#### What to work on:
Leaving the pictures aside, transcribe the data below exactly.

#### Data provided:
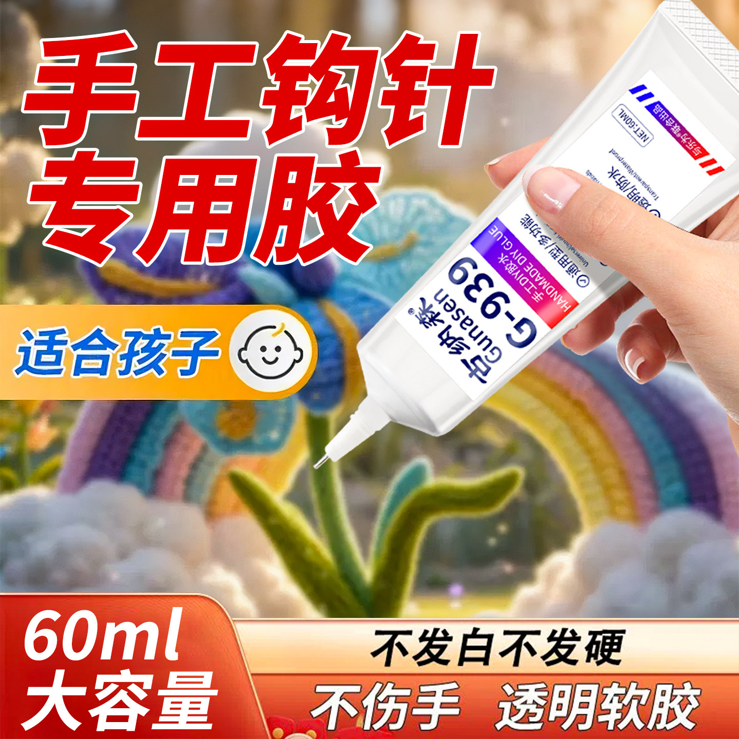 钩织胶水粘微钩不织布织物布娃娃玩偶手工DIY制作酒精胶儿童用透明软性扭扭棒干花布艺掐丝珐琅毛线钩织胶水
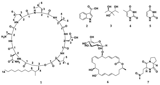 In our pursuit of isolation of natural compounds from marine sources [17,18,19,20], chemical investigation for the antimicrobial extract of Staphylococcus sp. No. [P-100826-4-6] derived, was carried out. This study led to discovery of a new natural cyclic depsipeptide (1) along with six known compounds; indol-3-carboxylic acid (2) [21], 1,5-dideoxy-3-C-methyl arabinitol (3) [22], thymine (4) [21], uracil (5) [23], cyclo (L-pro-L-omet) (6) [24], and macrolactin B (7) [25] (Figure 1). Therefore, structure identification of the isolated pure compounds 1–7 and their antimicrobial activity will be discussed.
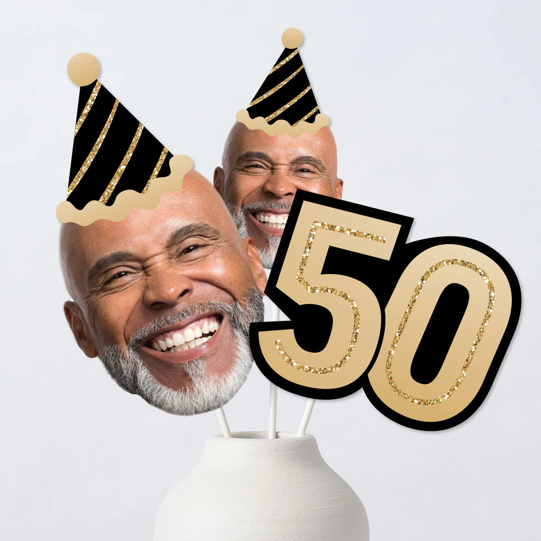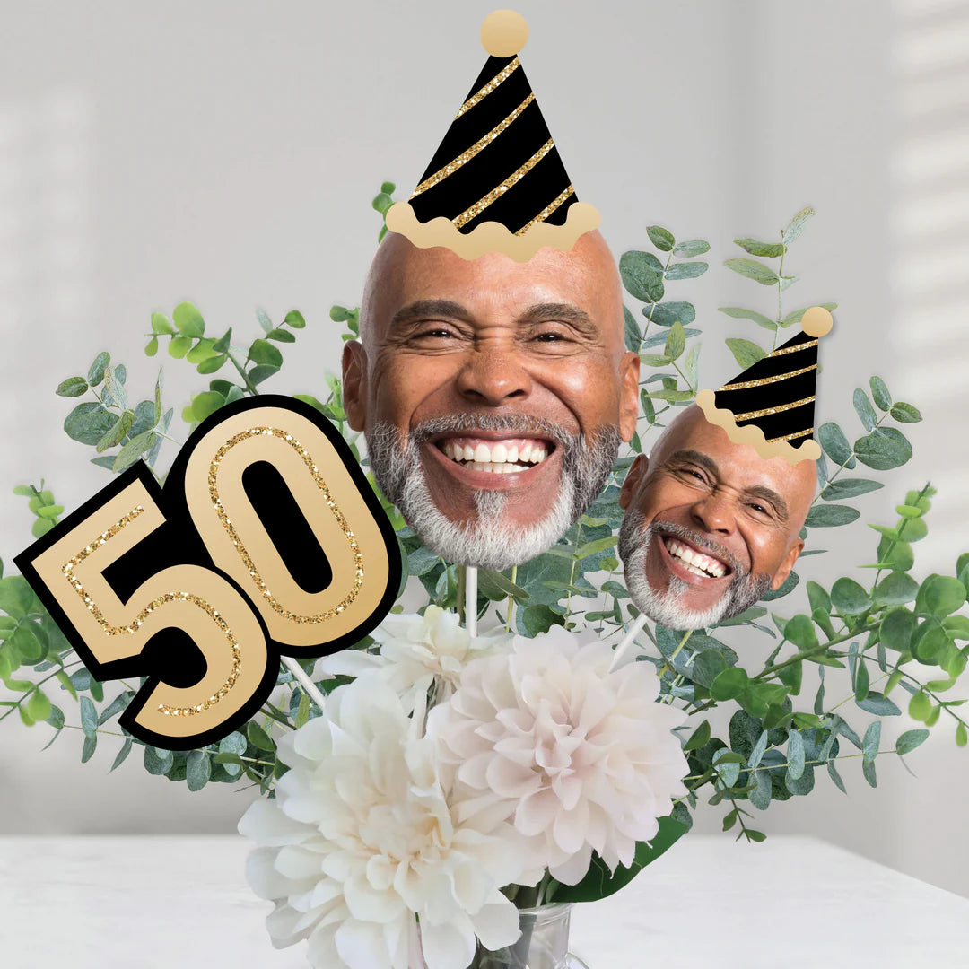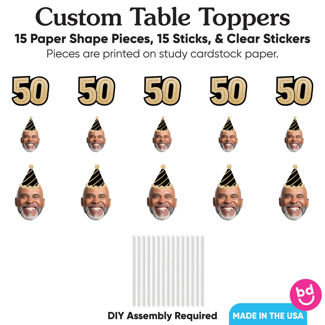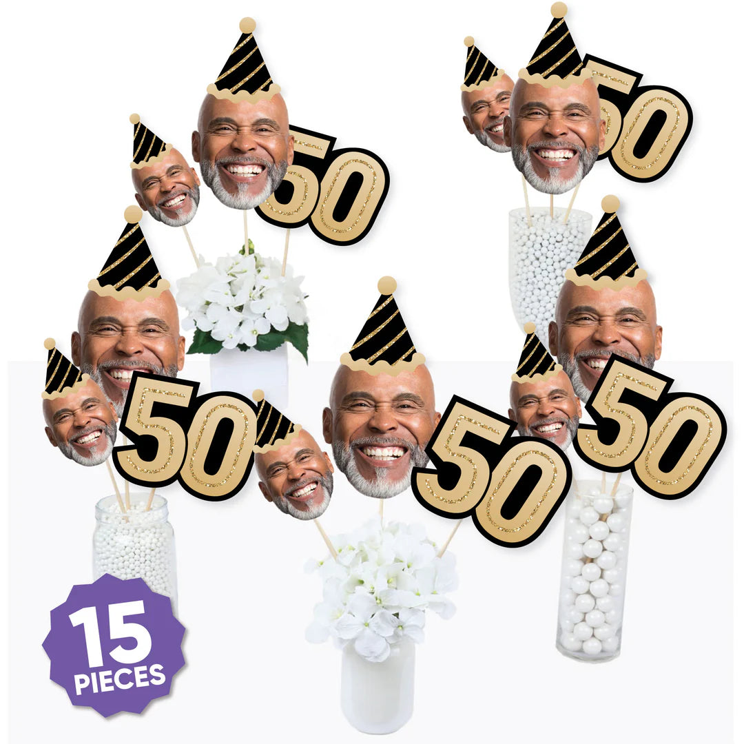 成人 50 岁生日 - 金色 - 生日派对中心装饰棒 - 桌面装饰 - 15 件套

#### Exercise response:
 钩织胶水粘微钩不织布织物布娃娃玩偶手工DIY制作酒精胶儿童用透明软性扭扭棒干花布艺掐丝珐琅毛线钩织胶水
 In our pursuit of isolation of natural compounds from marine sources [17,18,19,20], chemical investigation for the antimicrobial extract of Staphylococcus sp. No. [P-100826-4-6] derived, was carried out. This study led to discovery of a new natural cyclic depsipeptide (1) along with six known compounds; indol-3-carboxylic acid (2) [21], 1,5-dideoxy-3-C-methyl arabinitol (3) [22], thymine (4) [21], uracil (5) [23], cyclo (L-pro-L-omet) (6) [24], and macrolactin B (7) [25] (Figure 1). Therefore, structure identification of the isolated pure compounds 1–7 and their antimicrobial activity will be discussed.
 成人 50 岁生日 - 金色 - 生日派对中心装饰棒 - 桌面装饰 - 15 件套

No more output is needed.